I found that when I waved my hand through the water, the small electric-blue fish would swing away, triggering the next shoal to shift, and so on. I started to move my body like a conductor, using tiny movements to press against and shimmer the shoals, bringing them back, then away, rounding in on them, and pausing so that they would flood back up from the depths. At first we didn’t notice the corals getting closer to the surface, the tide going out, inching towards our flippers. Then we heard the boat sound its horn. Grace and I had been in the fish shoals for nearly two hours. We looked at each other, put our heads down and pretended not to hear the blast. I started to swim the other way and the horn blasted again. I saw Grace turn reluctantly and swim in. I kept going.
“One more minute,” we used to scream to our parents beckoning from the beach as waves curved behind us, lifting our tiny bodies into the air before throwing us down, pushing us deep until the air left our chests and then letting us go – when we would wriggle and kick up to the surface, hair tossed like seaweed, bathers at times in a tangle around our ankles, and we would scream, again, “One more minute!” I heard the horn blast a third time and I knew this time it was just for me.
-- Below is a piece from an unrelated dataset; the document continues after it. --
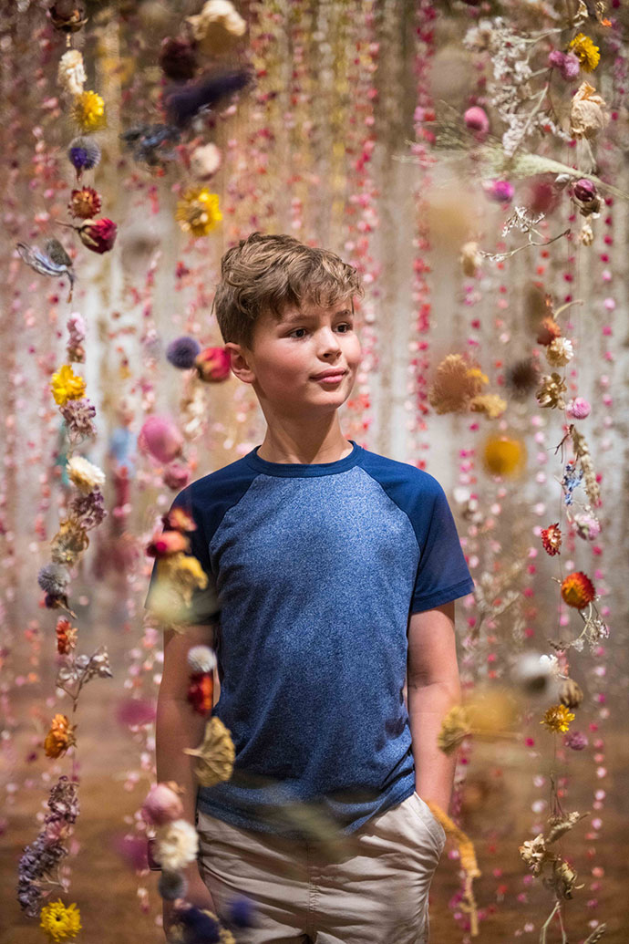 Rebecca的花艺装置作品一贯以悬挂起来的花朵为主,“悬浮”在整个空间中的花朵为观众带来沉浸式的体验。

One more minute, I thought, and dived deep, scanning, trying to swallow it all with my eyes: the coral, the chunky fish with knobbled brows, the crackling sound I imagined was the invisible machinery of crustaceans. There was the absence, too, for I’d felt it, despite my lack of expertise. There’d been turns, spooky corners where Grace and I ought to have come face-to-face with a creature, an unnerving marine intelligence, but there’d been nothing. I swam to the lip of the boat and took off my mask and snorkel, leaving it on the metal shelf and went under one more time. A little ritual.